Si le CISS comptait une quarantaine d’associations en son sein, 72 associations ont d’ores et déjà signé les statuts de la toute nouvelle Unaass. Cette dernière aura cinq missions :

  • organiser et mieux coordonner la représentation des usagers,
  • rendre des avis aux pouvoirs publics sur les politiques de santé,
  • agir en justice pour défendre ses intérêts et ceux des citoyens,
  • animer un réseau associatif sur l’ensemble du territoire
  • et former les représentants des usagers du système de santé.

Recours dans le domaine de la santé : la prise en compte de la parole des patients

Autant de missions essentielles dans un contexte en perpétuelle transformation. Parmi les récents changements les plus notables, il y a notamment la possibilité pour les associations de familles, de patients et d’usagers d’avoir recours à une action de groupe dans le domaine de la santé. Le décret d’application de la loi Touraine du 26 janvier 2016 est plus qu’une décision législative, c’est une révolution en matière de prise en compte de la parole des patients pour la gestion de la sécurité sanitaire. Les associations de patients sont désormais amenées à jouer un rôle important dans le cadre des actions de groupe en matière de santé, puisqu’elles sont les seules à pouvoir les initier. La nouvelle UNAASS a pour objectif la formation de ses membres afin notamment de consolider la légitimation des éventuelles interventions.

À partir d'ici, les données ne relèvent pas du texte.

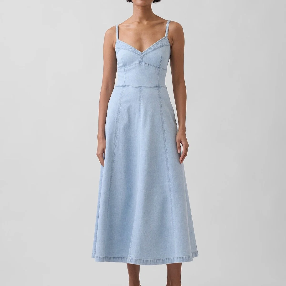 WHAT: Denim Seamed Corset Maxi Dress*
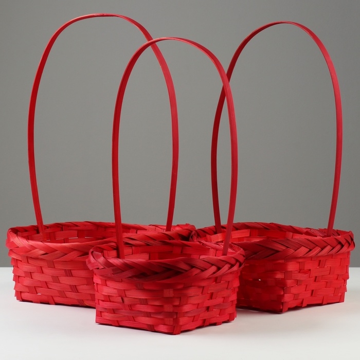 Набор корзин плетеных, D19x9/32 см, D22x9,5/34 см, D25x10/36 см, 3шт, красные, бамбук

La loi prévoit « l’indemnisation des préjudices corporels subis par plusieurs usagers du système de santé placés dans une situation similaire ou identique ». Précision importante, les préjudices doivent avoir pour cause commune les manquements d’un professionnel de santé et doivent impliquer un produit de santé. Une liste non exhaustive des produits est inscrite dans le Code de la Santé Publique. Le recours à un médiateur pourra être envisagé pour un règlement amiable des litiges…

Sur les traces du développement du médicament…

Il s’agit toutefois de faire preuve de pédagogie et d’expliquer aux patients que le développement thérapeutique est un processus long, compliqué, coûteux… et surtout incertain. Ainsi, sur 10 000 molécules étudiées, environ 100 seront testées en préclinique, 10 feront l’objet d’un développement clinique et une seule deviendra un médicament commercialisé ! De la découverte d’une molécule à sa mise à disposition des patients, le développement d’un médicament peut ainsi prendre jusqu’à une quinzaine d’années et nécessiter des investissements pouvant atteindre un milliard d’euros. Le développement d’un médicament comprend, en effet, deux grandes étapes successives :

  • une phase préclinique qui étudie les effets des molécules d’intérêt thérapeutique sur des modèles animaux. Cette phase vise à analyser finement les aspects toxicologiques et à optimiser les molécules sur le plan chimique.
  • Le développement clinique qui étudie les effets des molécules (ayant passées l’étape du développement préclinique) chez l’Homme : chez des volontaires sains dans un premier temps, puis chez des patients. Ce sont les essais thérapeutiques ou cliniques. Ces procédures sont très strictement encadrées par la loi. Les objectifs sont multiples : assurer avant tout la sécurité d’utilisation du médicament, puis démontrer l’efficacité thérapeutique et déterminer les doses thérapeutiques optimales. Lorsque les essais cliniques sont concluants, une autorisation de mise sur le marché (AMM) est délivrée par l’Agence Nationale de Sécurité du Médicament (ANSM).

Depuis le 21 novembre 2016, autre nouveauté de taille : les association de patients ou d’usagers, agréée ou non ont la possibilité de participer au processus d’évaluation des médicaments et dispositifs de santé, via un questionnaire en ligne. La liste des produits à évaluer est mise à jour chaque semaine sur le site de la Haute Autorité de Santé (HAS). Objectif pour cette dernière : intégrer l’expérience sur le vécu de la maladie, les traitements existants, les parcours de soins, les besoins,leur savoir spécifique sur leur maladie.. Un premier bilan du dispositif sera réalisé au cours du mois de mai…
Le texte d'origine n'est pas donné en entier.